Setting up a user on AWS with their own credentials is a good idea here. Download the user's access key and secret key to your local machine. You can then use the AWS command line tools to set up a config that will work, but you're going to want to store them as, and make sure they're working as, environment variables, because we'll need to be able to do that later with the Heroku config. It's also a good idea to store the bucket name as an environment varaible because depending on how you set up your access rules for the bucket, you might not want the name of your bucket going on GitHub or anywhere public.
I tried a few different techniques for talking to s3, but eventually settled
on using their recommended boto3 library. I made a quick test file
(boto3_test.py) to make sure all my environment variables were set correctly
and used it to play around a little with what information I could get about
the bucket. I also used the test file to identify a couple files I already had
sitting around that would be good test cases.
Change the route you had been using to send uploads to your local file system to now send the upload to s3. Did it work? Hooray!
Now that we've got a Flask app that's uploading to s3, let's get it on Heroku. We're still not dealing with the background processing yet, but now is a good time to make sure that you can deploy and run on Heroku so that shifting to a background worker won't be so difficult and will only be a small change instead of trying to get everything running at once.

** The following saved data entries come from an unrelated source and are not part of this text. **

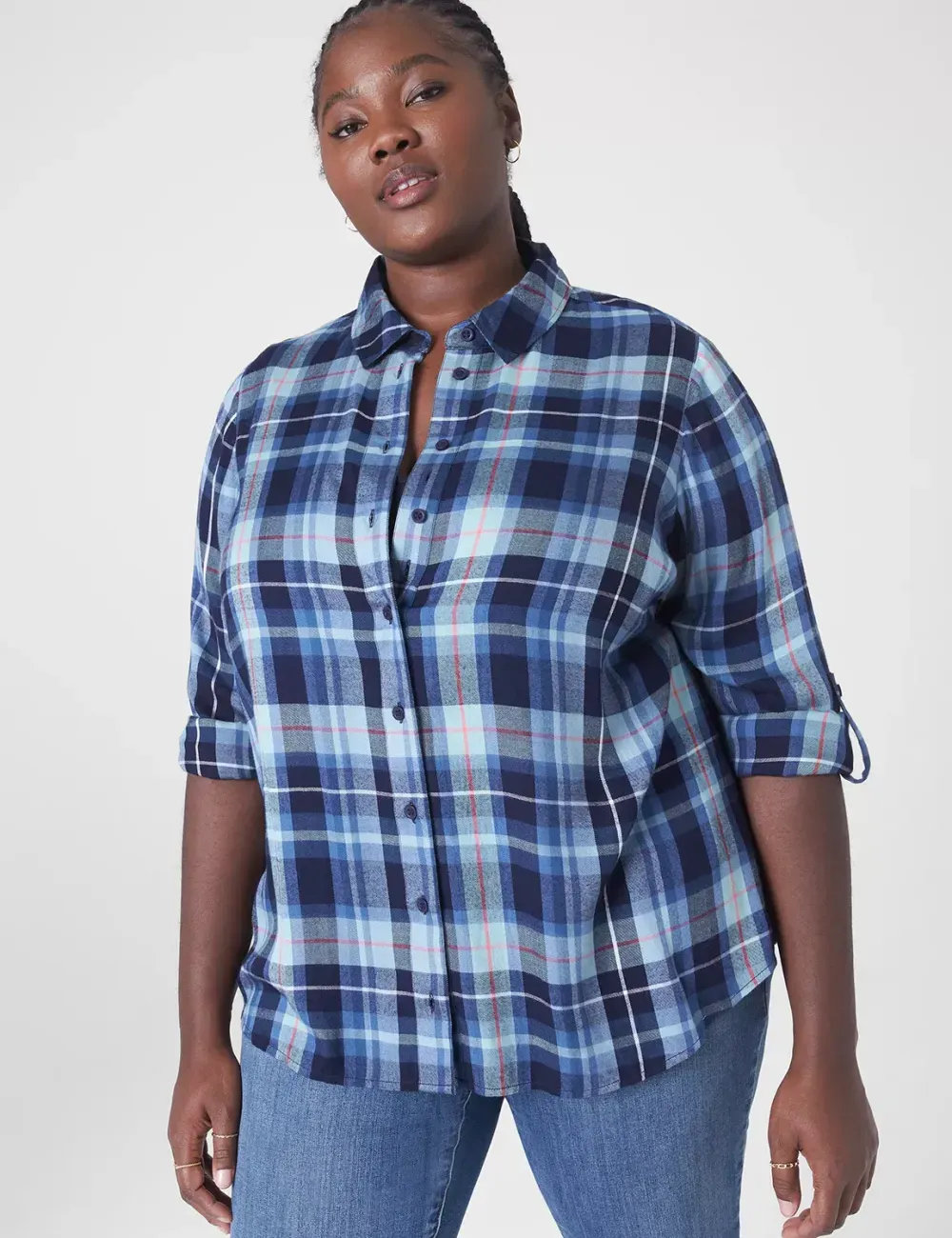 Classic collar. Long convertible roll-tab sleeves with single button cuffs. Button front. Bust darts provide shape and the perfect fit. Woven flannel fabric. Longer length is perfect for
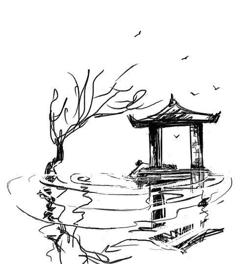 На крыльце, где лежали вымокшие бродни сторожа, он огляделся и заметил у забора колышущуюся на воде – точно как злополучная нота – беседку-пагоду.
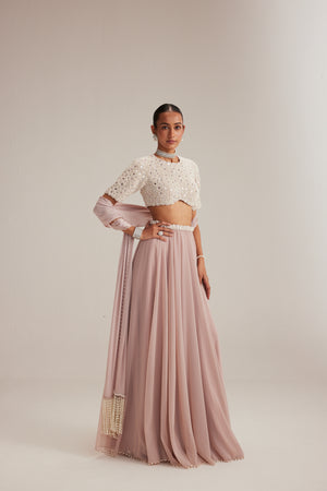 Ash Pink Skirt Paired with mirror and pearl embroidered High Neck blouse and Stole With Cascading Pearl Tassels.
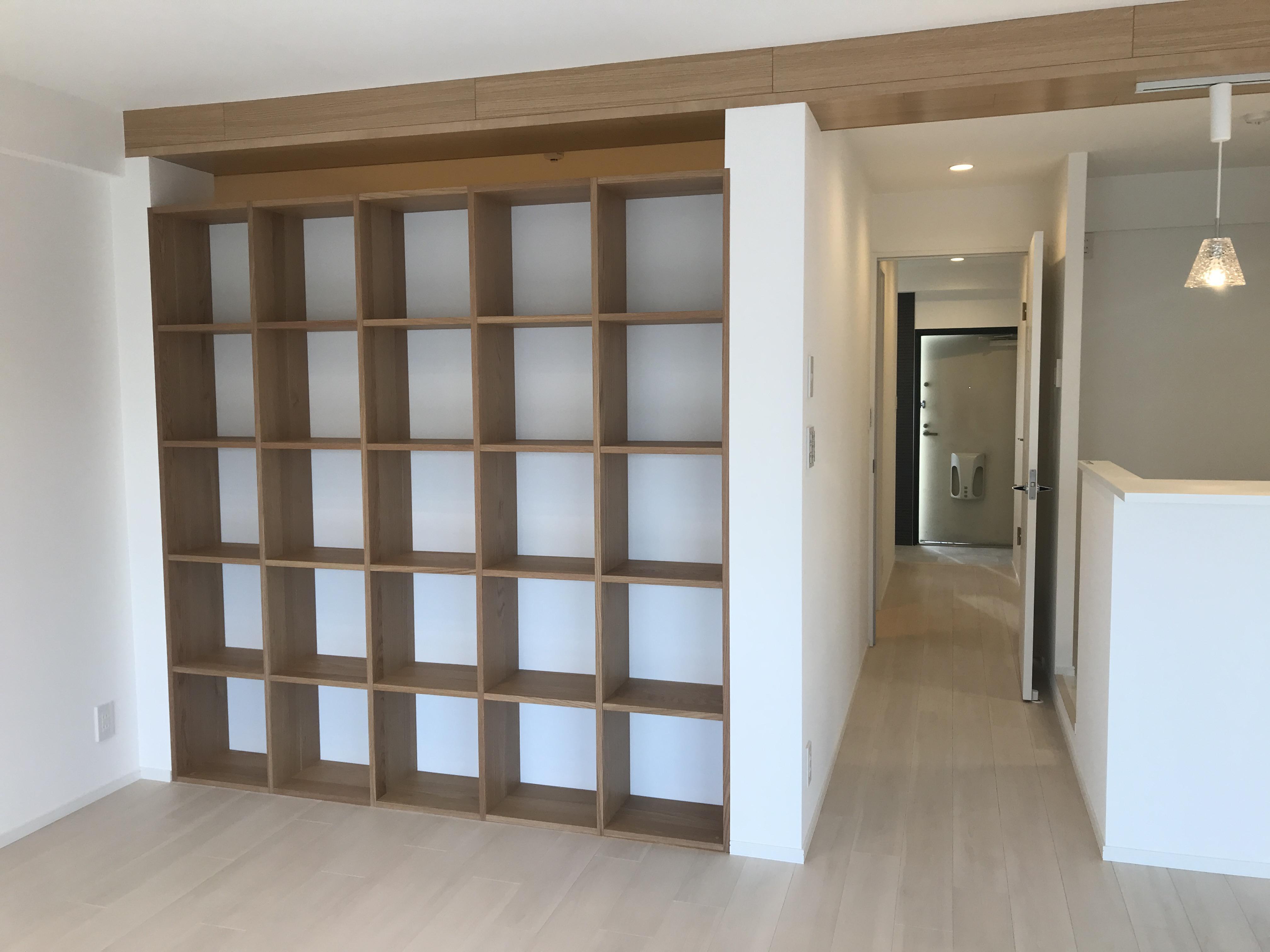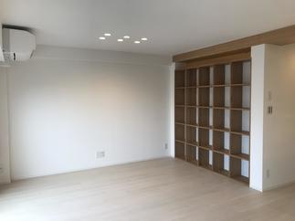 O様は好みや新たな空間での生活イメージもはっきりされていました。 お互いに相違が無い様、変更が出ることにパースを提出し、お打合せをさせていただきました。 その甲斐もあり、O様のイメージ通りの空間が完成しました。 マンション自体はとても管理が行き届いていましたが、やはり築50年・・・ 外壁に面している壁は結露からカビが発生していました。 デザイン性のみならず、健康的に住んで頂きたい!ご予算をオーバーしてしまいましたが、 結露防止工事をご提案し、工事させていただきました。 また、予算を削れる所は、削る! 今回リビングに棚をご希望いただいておりました。 無印の商品を使用し、背面に壁を取り付ける事で、コストダウンに。 諦めない!築50年マンションが生まれ変わりました。
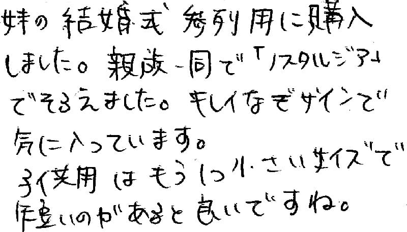 妹の結婚式参列用に購入しました。親族一同で「ノスタルジア」でそろえました。キレイなデザインで気に入っています。子供用はもう1つ小さいサイズで短いのがあると良いですね。
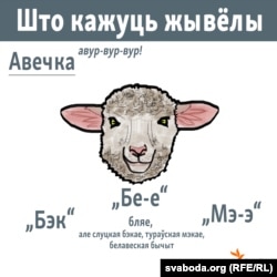 Сярэднестатыстычная беларуская авечка бляе — кажа „бе-е“. Але слуцкая бэкае, тураўская мэкае, а белавеская дык наагул бычыт. І падзываюць авечак па-рознаму: звычайна „авур-вур-вур“, але на ўсходзе — „шу-шу-шу“, ад Берасьця да Магілёва — „шут-шут-шут“, „шута-шута“, „шуткі-шуткі“, на Нарачы — „вуль-вуль“, на Віленшчыне — „куцý-куцý“.
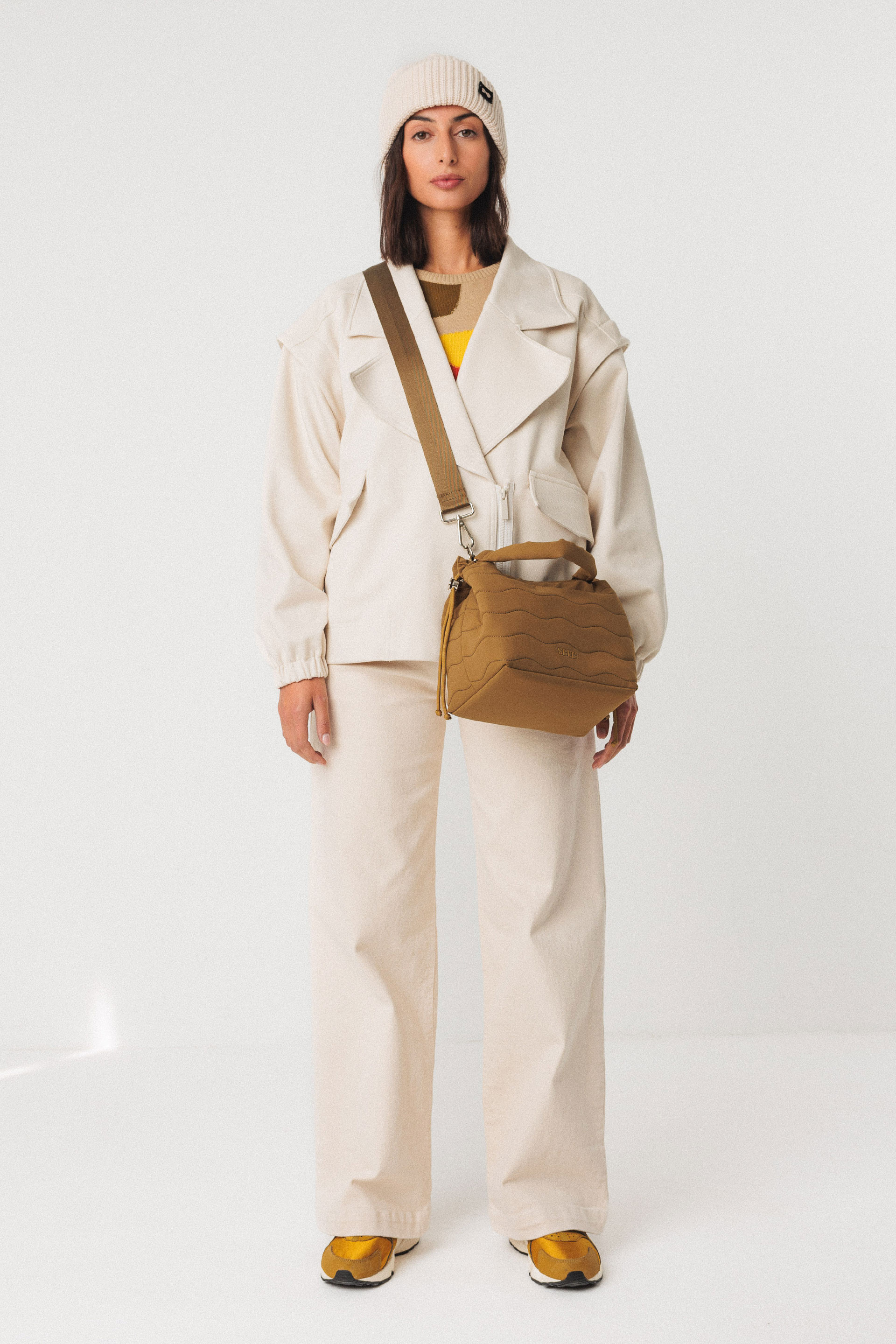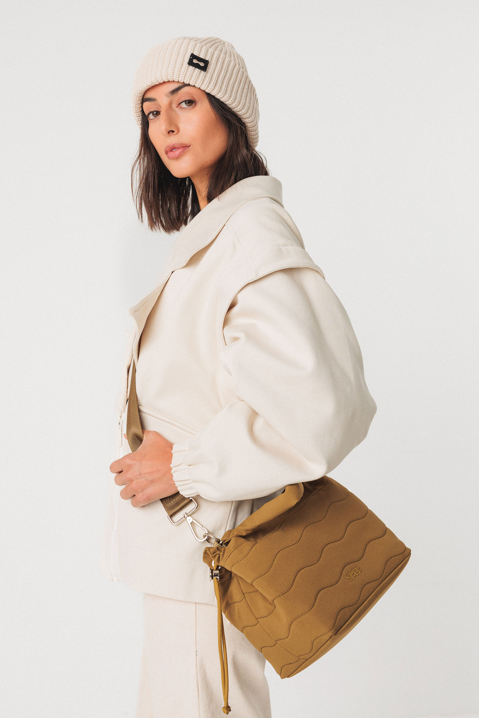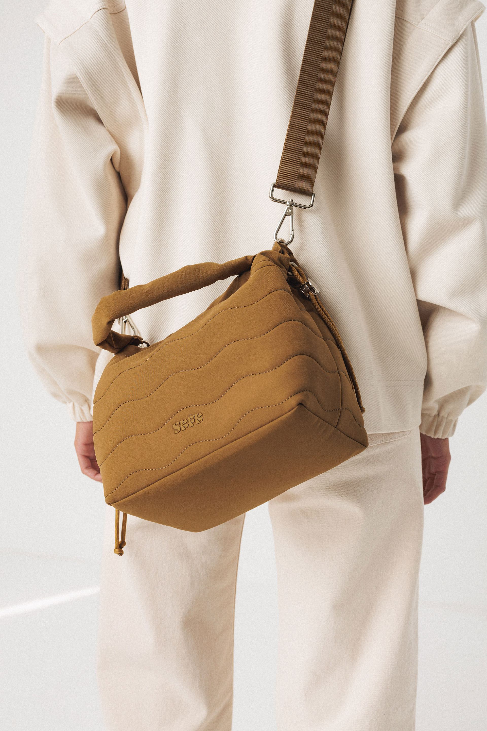Bolso cuadrado ajustable con cordones elásticos en los laterales. Tiene dos bolsillos y se puede llevar en bandolera con la correa ajustable o en la mano con el asa. Medidas: 20 x 20 x 15 cm.
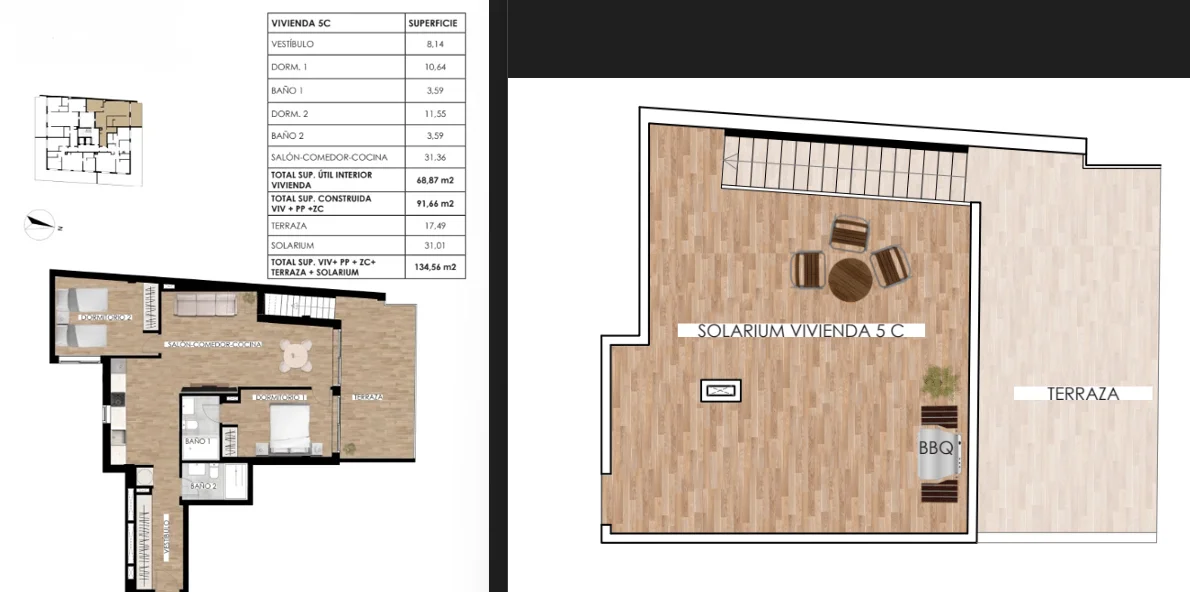 A modern penthouse located on the top floor of the building, offering a bright and comfortable living space with two bedrooms and two fully equipped bathrooms. The interior has been carefully finished and is ready to move in. The property features a fully fitted kitchen with household appliances, built-in wardrobes, complete bathrooms with fittings and shower enclosures, as well as lighting throughout the apartment. A key highlight is the spacious terrace and a private 31 m² solarium, ideal for relaxing and outdoor entertaining. Additional features include underfloor heating in the bathrooms, pre-installation for ducted air conditioning, and a video intercom system. There is an option to purchase a parking space in the underground garage for €15,000.
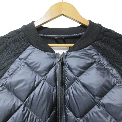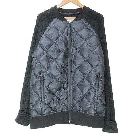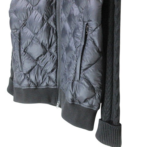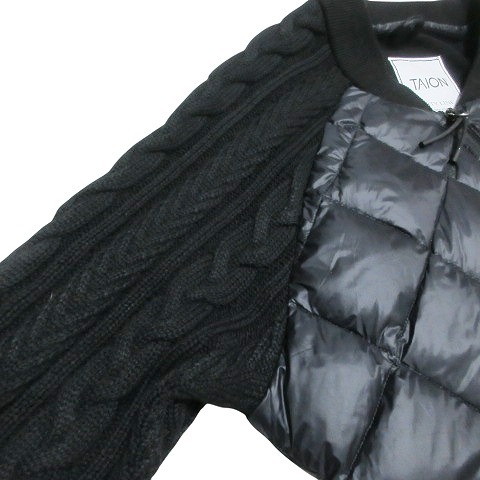 タイオン 美品 CITY LINE ダウン ニット スウェット Wジップ ジャケット ジップアップ ケーブル ナイロン 異素材 チャコール ブラック
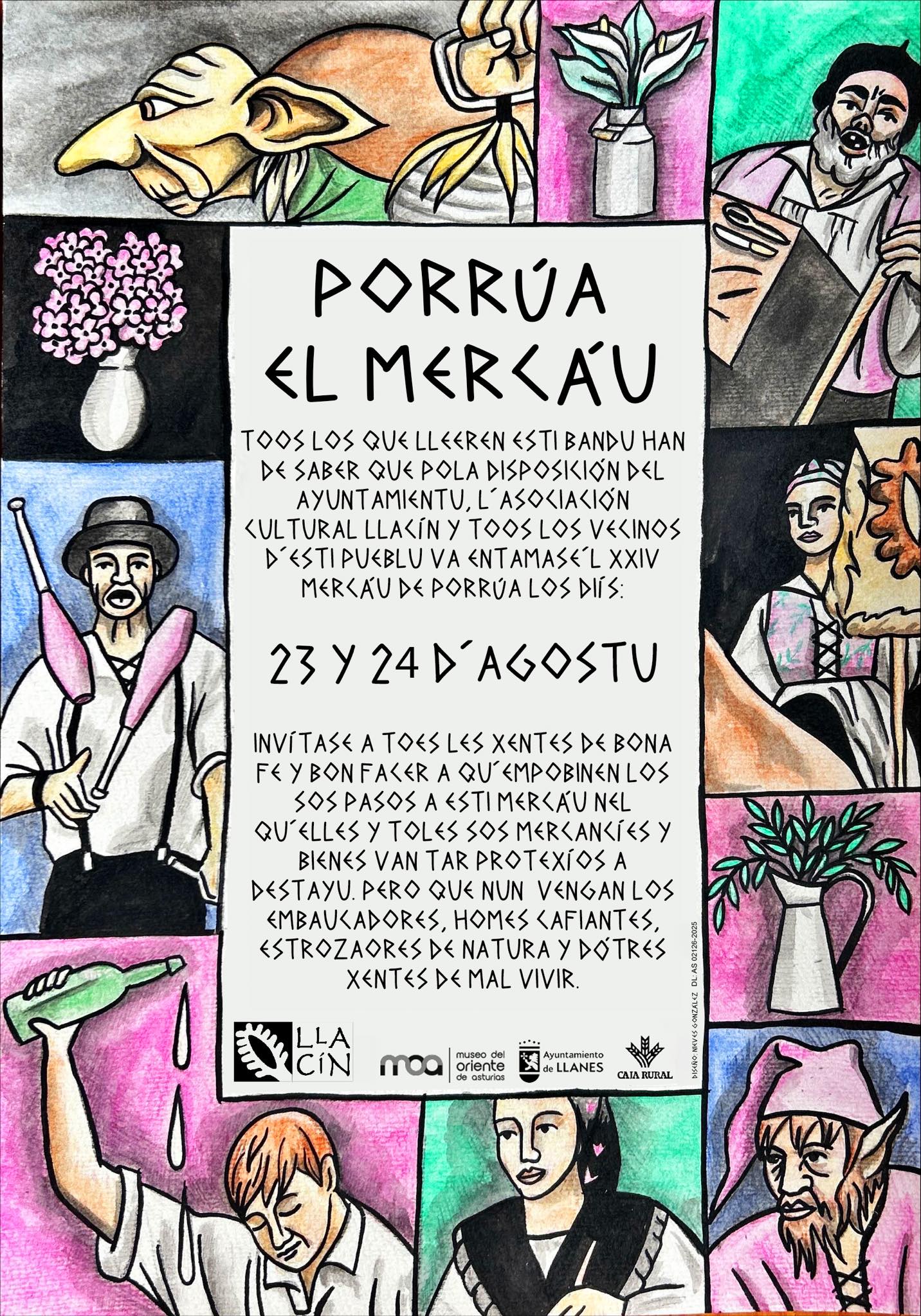 12:30 h. Pasacáis: Caballerías y burros, carru´l país, grupu folclore, mallabaristas, músicos, xigantones, teatro de calle.
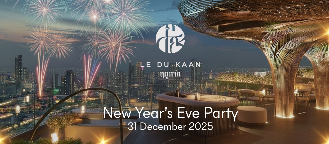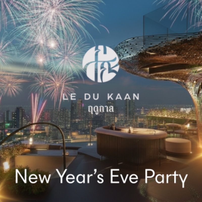 Celebrate New Year’s Eve in style at Le Du Kaan’s “The White Horizon”, an all-white party high above Bangkok. Delight in modern Thai cuisine, free-flow premium drinks, live music and DJs, and captivating dance performances. Surrounded by glowing white décor and lotus blooms, enjoy the city’s most spectacular fireworks and welcome 2026 with elegance, energy, and a glittering skyline.
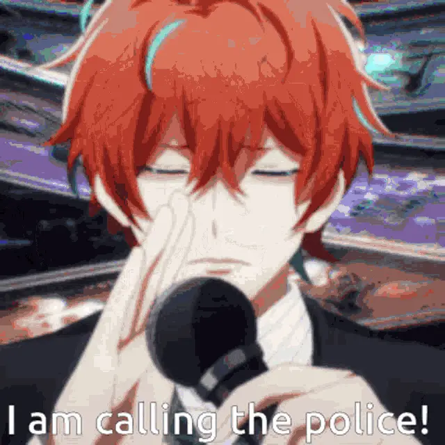 Doppo Kannonzaka and Hifumi Izanami from Hypnosis Mic share a hug, while a third character sighs in the background.
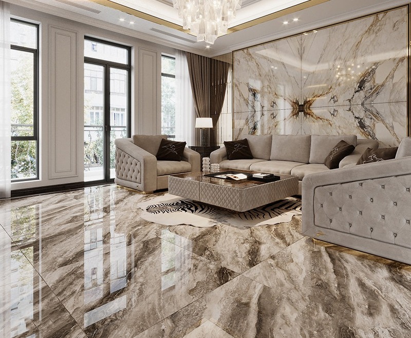 Khi sở hữu không gian phòng khách rộng, gia chủ hoàn toàn có thể chọn gạch khổ lớn để thể hiện sự sang trọng và đẳng cấp. Các kích thước 60x120cm, 1mx1m hoặc các dòng gạch khổ siêu lớn hiện là xu hướng chủ đạo trong các thiết kế biệt thự và nhà cao trần.
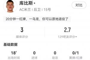 上半場,米蘭首發(fā)的21歲中衛(wèi)庫比斯先是在定位球防守中不慎烏龍,隨后又作為最后一名球員拉倒若昂-佩德羅,被出示直紅罰出場外,使球隊(duì)被迫陷入十人作戰(zhàn)的情況。此外,球隊(duì)第2個(gè)丟球中他也犯了盯人不緊的錯(cuò)誤。

Make sure you use heroku config to set the environment variables you've been
using locally to match on Heroku. And don't forget to pip freeze > requirements.txt so you have all the libraries you need. Your Procfile at this
point should just have a single web: line. Also remember to turn off debugging,
make the ports available, and set your host correctly.
Remember you can always use heroku local to test your local config before you deploy. Is it working? Great!
I used this doc to get Redis up and running on my computer: http://jasdeep.ca/2012/05/installing-redis-on-mac-os-x/ because I'm not a huge fan of homebrew or macports. I want everything on my computer to be there for a reason and I want to know what installed where.
Here, I followed this doc pretty much word for word: https://devcenter.heroku.com/articles/python-rq
Things to note:
- Check your
heroku configfor the correct Redis URL. Mine was different than the one in the doc. - You can't run
worker.pylocally unless you have redis-server running.
Just like in the doc, I moved the file upload to s3 in to a separate function
in a separate file called utils.py, then included it in my app.py and
used the queueing function from rq to offload the upload to the worker process.
The worker.py file needed no modifications, I copied it word for word from
the doc.
Edit the Procfile to include worker: python worker.py. Start up a
redis-server locally and try running heroku local. Do your pages load?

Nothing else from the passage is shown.